*** Opening Information supplied ***

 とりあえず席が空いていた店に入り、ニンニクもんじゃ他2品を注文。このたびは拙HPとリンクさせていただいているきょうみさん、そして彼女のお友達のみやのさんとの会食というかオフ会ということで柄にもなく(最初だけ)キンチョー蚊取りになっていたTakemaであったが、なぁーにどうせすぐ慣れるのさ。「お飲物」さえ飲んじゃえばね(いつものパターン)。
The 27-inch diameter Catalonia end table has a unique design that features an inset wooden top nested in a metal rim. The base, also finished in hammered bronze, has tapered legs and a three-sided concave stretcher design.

*** Closing Information supplied ***
*** Opening Information supplied ***

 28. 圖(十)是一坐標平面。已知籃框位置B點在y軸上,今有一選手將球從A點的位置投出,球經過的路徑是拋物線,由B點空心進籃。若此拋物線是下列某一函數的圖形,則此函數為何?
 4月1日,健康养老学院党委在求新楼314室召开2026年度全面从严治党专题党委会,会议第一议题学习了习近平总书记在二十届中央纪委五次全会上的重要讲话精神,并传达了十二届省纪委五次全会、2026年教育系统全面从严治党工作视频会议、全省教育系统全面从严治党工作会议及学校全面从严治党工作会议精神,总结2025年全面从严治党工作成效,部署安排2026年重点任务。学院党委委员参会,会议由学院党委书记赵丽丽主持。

*** Closing Information supplied ***

Going down the listing above, begin printing at the line with "とりあえず席が空いていた店に" and finish with the line with "The 27-inch diameter", exactly as they appear.

▶ **Task solution**
 とりあえず席が空いていた店に入り、ニンニクもんじゃ他2品を注文。このたびは拙HPとリンクさせていただいているきょうみさん、そして彼女のお友達のみやのさんとの会食というかオフ会ということで柄にもなく(最初だけ)キンチョー蚊取りになっていたTakemaであったが、なぁーにどうせすぐ慣れるのさ。「お飲物」さえ飲んじゃえばね(いつものパターン)。
The 27-inch diameter Catalonia end table has a unique design that features an inset wooden top nested in a metal rim. The base, also finished in hammered bronze, has tapered legs and a three-sided concave stretcher design.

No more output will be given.